Minnesota

1. When France ceded Louisiana to the United States, she committed the greatest geographical blunder in her history, excepting the cession of all New France by Louis XV., consequent on the fall of Quebec in 1759. These two events were essential to the United States eventually becoming a great and leading power; and their con summation was, as it is now seen, the very turning point of it. With a foreign and non-cognate race, as Frenchmen are, on our entire northern borders, from sea to sea, and the mouth of the Mississippi locked up, that great valley was as completely bound as Laöcoon in the folds of the serpent. Fortunately, the statesmen of that proud and luxurious court were not wise beyond their generation; and Bonaparte, when he completed the work by accepting three millions as an equivalent for Louisiana, thought a bird in the hand worth two in the bush. “Bush” indeed! Which has already given origin to a cluster of States, and by the dispute with Texas, (a Spanish blunder, by the way,) has brought along, in its magnificent train, California and New Mexico. Already the Mississippi River, if we include its eldest daughter, the Ohio, has thirteen States upon its waters, not counting Territories; and it furnishes an outlet to the commerce of several more.

“Yet, though no rhyme thy banks to fame prolong,
Beyond the warrior’s chant, the boatman s song,
More happy in thy fate than Granges tide,
No purblind millions kneel upon thy side.
Beyond the Nile, beyond the Niger blest,
No bleeding Parke, no dying Ledyard prest;
Or if one fate foredoomed the Gaul 1 to bleed,
Success o’erpaid and cancelled half the deed.
Not in hot sands, or savage deserts lost;
A healthful vigor blooms along thy coast,
And, ever blest above the orient train,
No crouching serf here clanks the feudal chain;
E’en the poor Indian, who, in nature’s pride,
Serenely scans thy long descending tide,
Turns, in his thoughts, thy course twixt sea and sea,
And shouts to think that all his tribes are free.”

Minnesota is the last legislative creation upon its waters, and bids fair, at no distant period, to make one of its noblest states. The area of territory comprised by it is computed by Mr. Darby at a fraction under 200,000 square miles; and it would be ample in area for the formation of three large states, facing respectively the Mississippi and Missouri Rivers, including the residuary portion of Wisconsin, of some 20,000 square miles, which, in consequence of the ordinance of 1787, can never be incorporated into a state by itself; and comprehending also the large area lying above the mouth of the De Corbeau River, which is, in a measure, sphagneous or arid. For this we may deduct, perhaps, 50,000 square miles. This would swell the arable area to the compass of three states of 60,000, or four states of 45,000 square miles each.
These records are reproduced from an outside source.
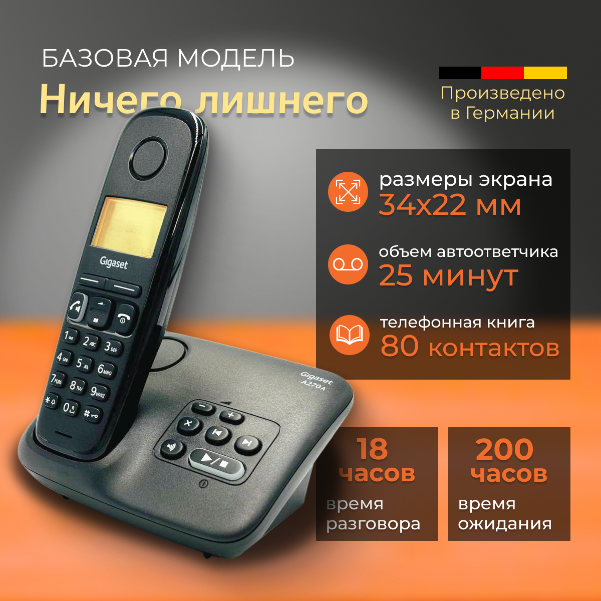 Радиотелефон с автоответчиком DECT Gigaset A270A DUO Black / телефон домашний беспроводной / две трубки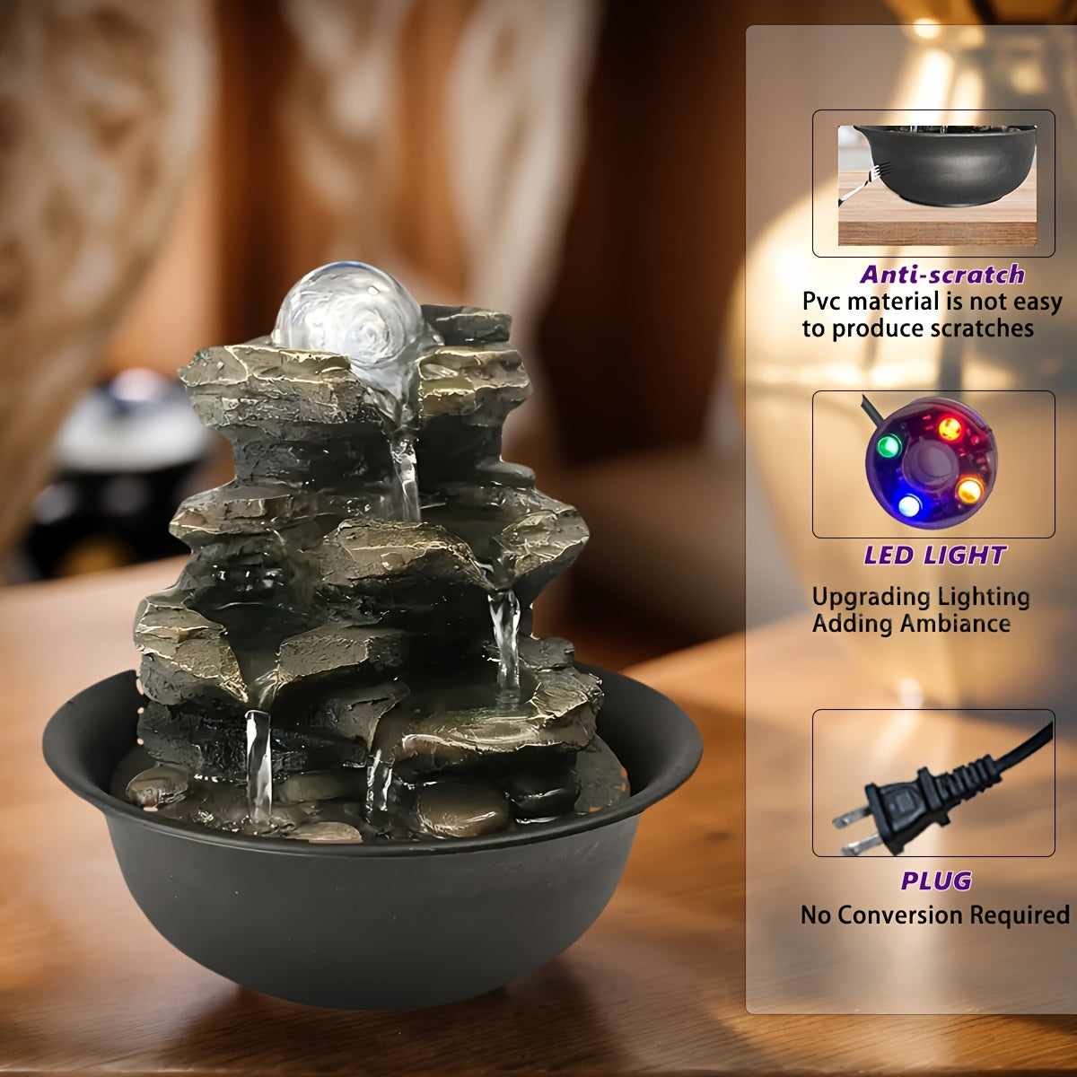 Coloca esta fuente en tu sala de estar, dormitorio u oficina para disfrutar de un ambiente sereno y un aire más fresco. Ideal para momentos de meditación o relajación.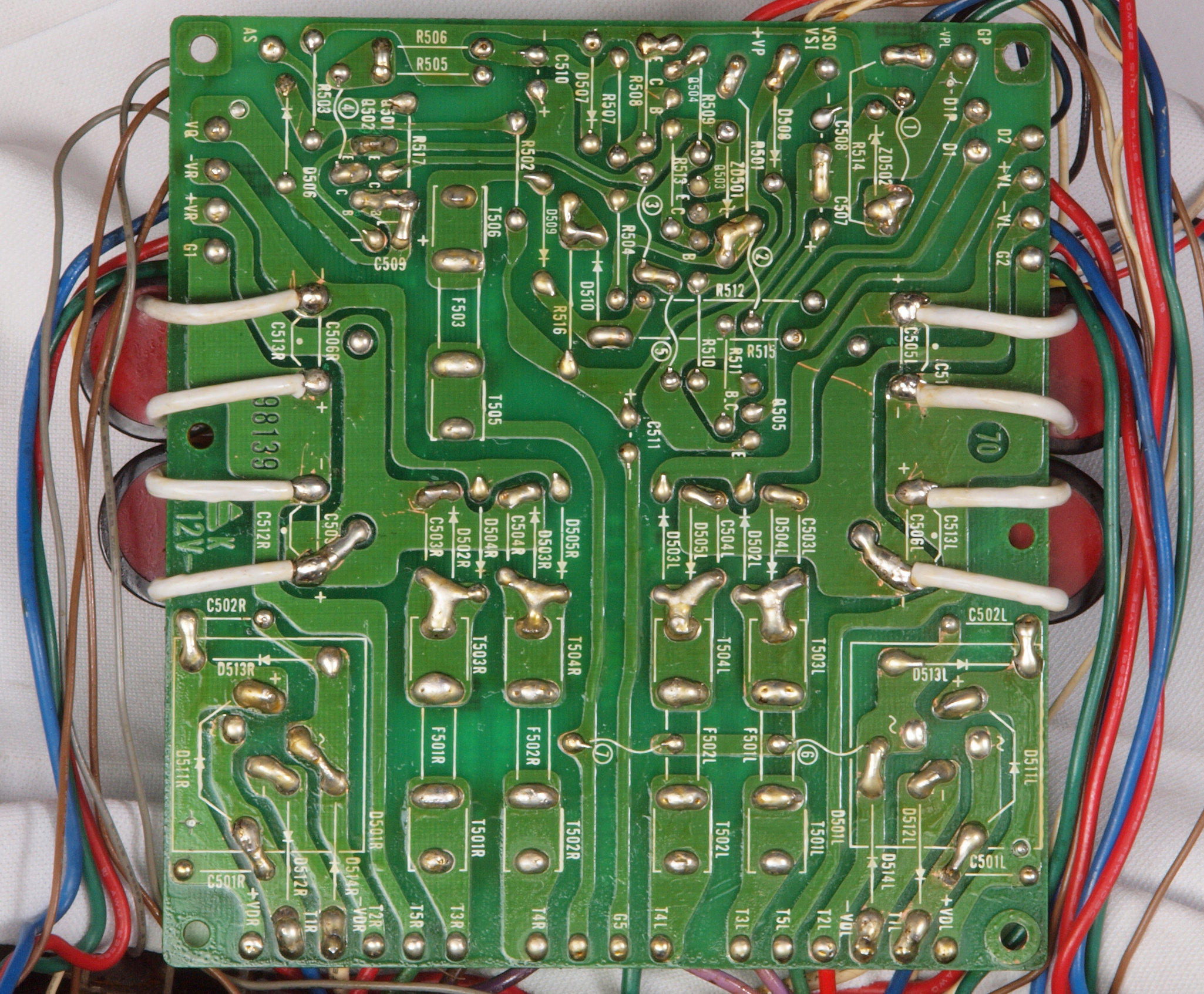 | C15. 修理(半田補正)後 R側ドライブ基板裏 半田を全部やり直す。 普通はこれで完成。 |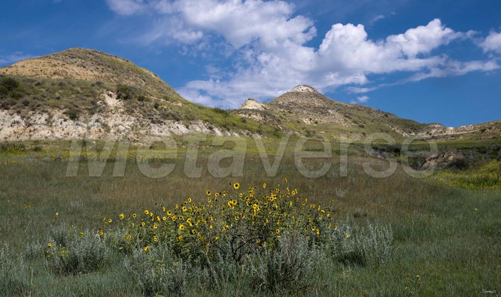 Wildflowers And Mountiains With Clouds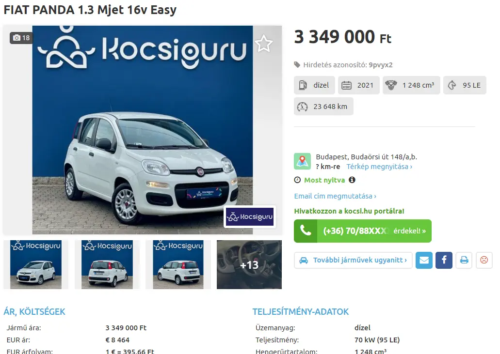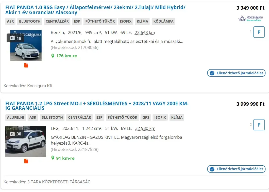 Jelenleg sajnos egyetlen 2022-ben gyártott Pandát sem találtunk a nagyobb használtautós oldalak kínálatában, ám 2021-es és 2023-as példány is akadt helyette, így nagyjából be lehet lőni a típus jelentős értékvesztését. Alig 1 évvel öregebb Pandát ugyanis mindösszesen 23 ezer kilométeres futásteljesítménnyel is kínálnak eladásra 3,5 millió alatt, ami 30 százalék feletti értékvesztést jelent. Mindezt úgy, hogy a legolcsóbb ajánlat akár dízel is lehet: ugyanazt az autót két különböző erőforrással hirdeti egy kereskedés két különböző felületen. Hogyha az említett Panda tényleg dízel, akkor még rosszabb a helyzet, ám az eladási árat tekintve semmiképp sem jártak jól azok, akik újonnan 5 millió forint felett hagytak ott egy ilyen Fiatért.
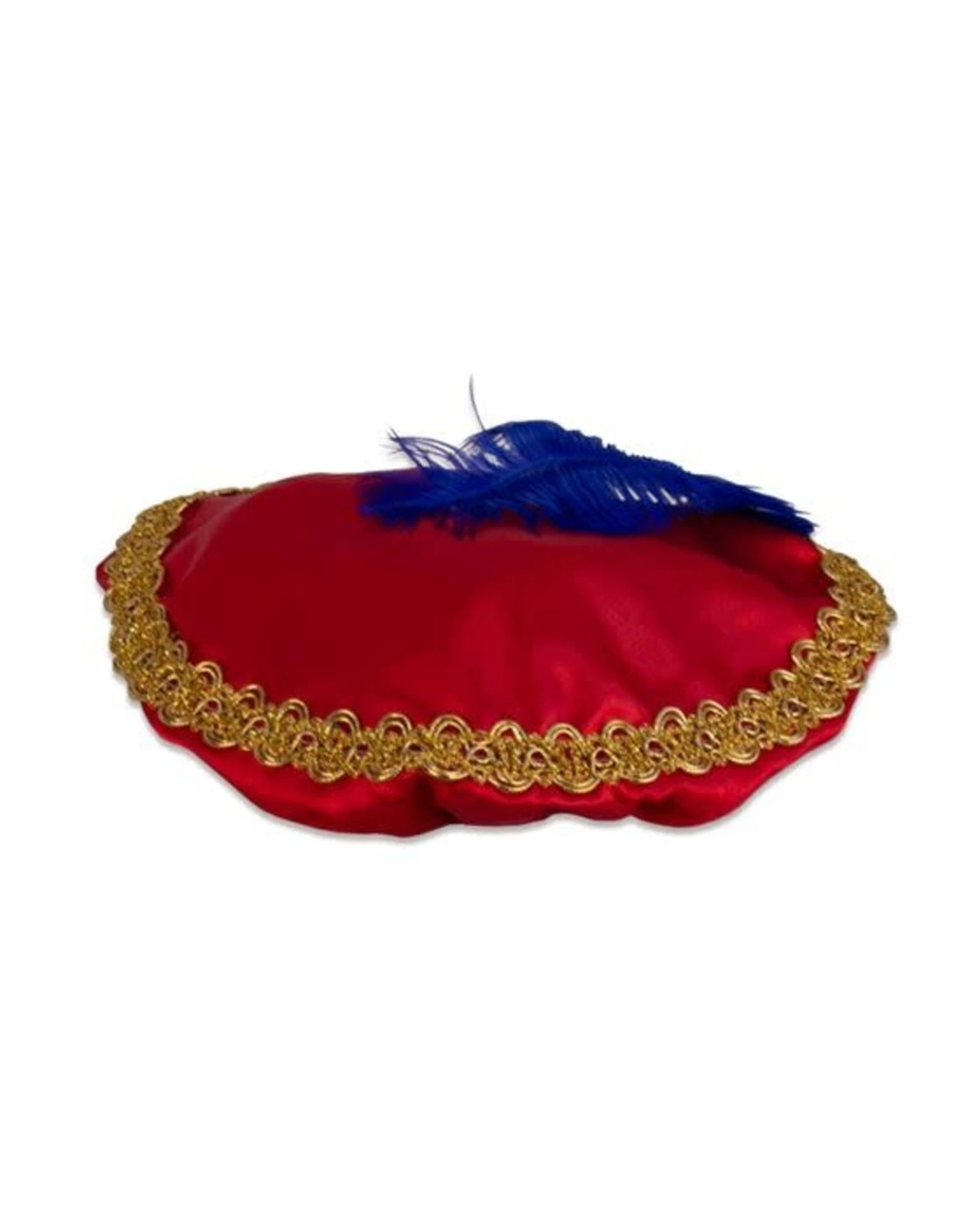 Pietbaret Satijn Met Veer Rood

Taking the distance on the Mississippi, west, from the influx of the upper Iowa River to that of the Crow Wing, it cannot be less than 500 geographical miles. The quality of the soil between these points, reaching west indefinitely, which is at present Sioux and Chippewa territory, is of the richest kind of uplands and river-bottom, containing a mixture of woodland and prairie, and is well adapted to all the cereal grains. The zea maize is raised in great perfection in the valley of Red River, and of Great Lake Winnipec, which is northwest of the Mississippi. In the settlements of Lord Selkirk the grain crops are unfailing, and are only affected by floods or other casualties.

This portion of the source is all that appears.